The generally dull situation was saved by beech trees, whose leaves had taken on lovely golden tints. Unfortunately only a few of these have been planted, perhaps because the beech tree may not really be native to Northamptonshire. The dry leaves of beech often cling on into the following spring, long after the foliage of other species has gone.
The immature catkins are already evident.
Kentle Wood. 9 November, 2015





'But what of hazel?' I hear you cry. This shrub is certainly deciduous but most of the specimens at Kentle Wood were still green and, as the photograph shows, next spring's catkins are already very obvious.
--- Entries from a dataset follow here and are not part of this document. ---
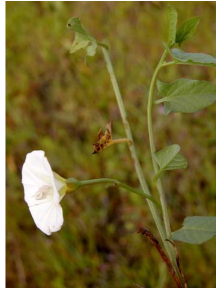
Convolvulus arvensis Field Bindweed Introduced Perennial Convolvulaceae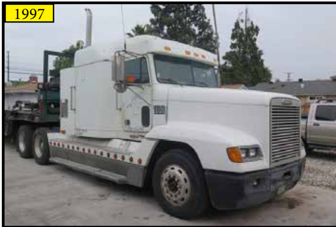
1997 Freightliner Semi Tractor w/ Diesel Engine, Rockwell 10-Speed Trans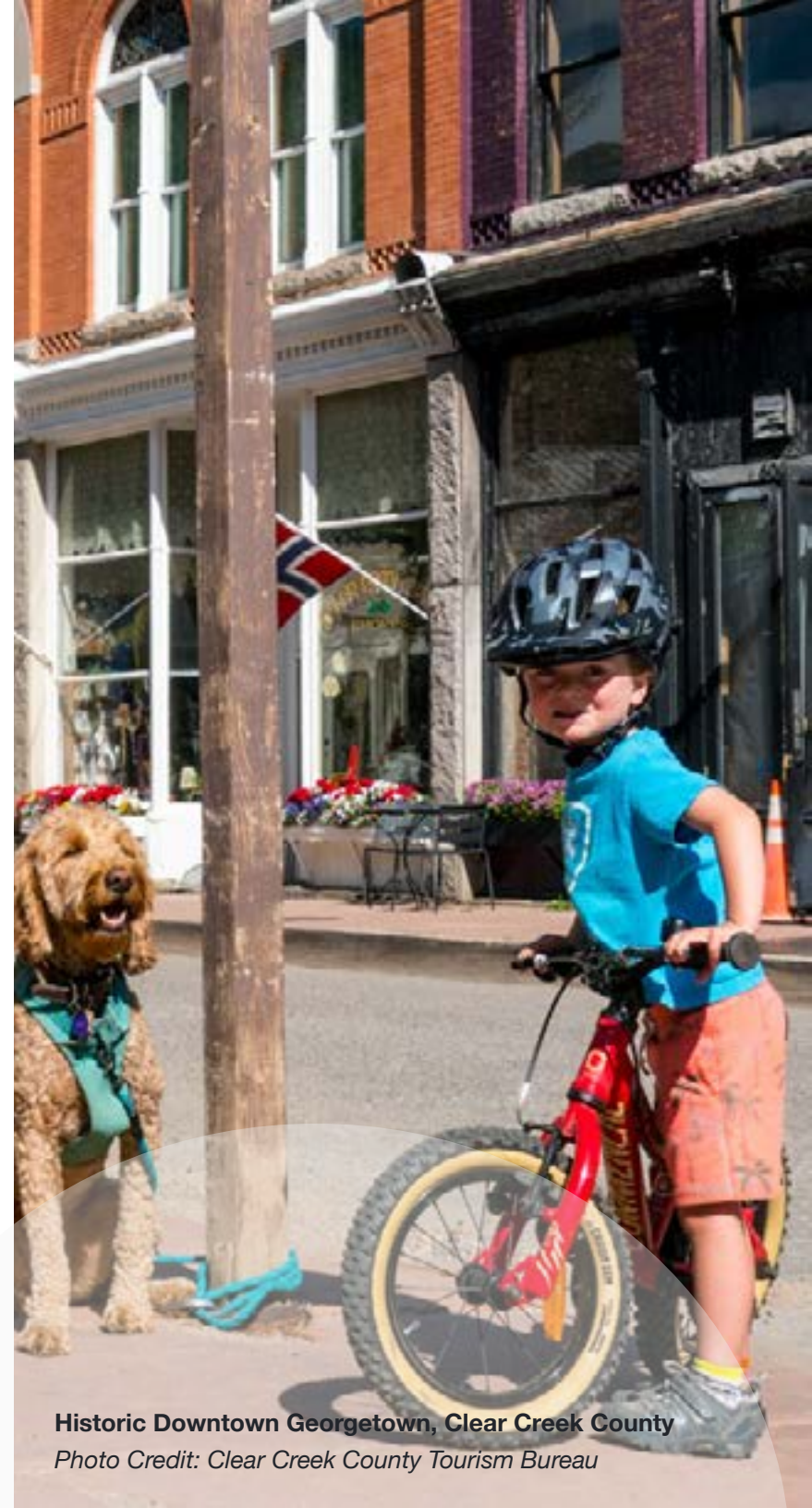
Historic Downtown Georgetown, Clear Creek County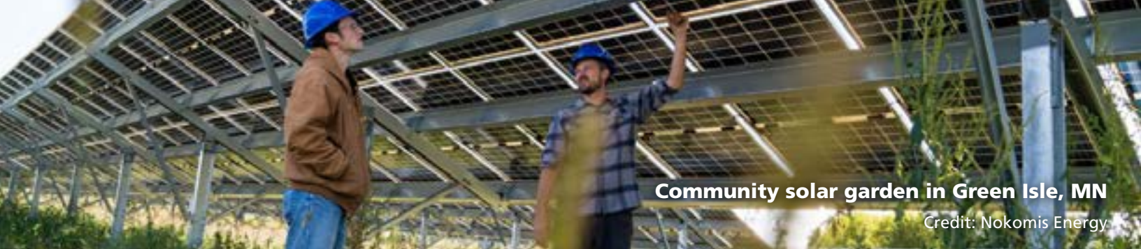
Community solar garden in Green Isle, MN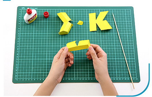
Fold and glue K01 and K03 respectively.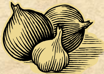
Flowers & Fruit

Start preparing for next year, clearing and digging over the space left by peas and beans and remember your rotation plans in deciding what will go into vacant space for next years crops.

And that was about it: no insects (they were present of course, but in the buffeting wind they were sensibly lying low), no flowers and very few birds. Indeed it may have been a flower free day but...



A rather unexpected Dwarf Mallow grew beside
 the track near Kentle Wood. 9 November, 2015



... shortly after leaving the wood, beside the track which segues into Browns Road, was a rather robust specimen of Dwarf Mallow, Malva neglecta, still bravely flowering but probably in vain.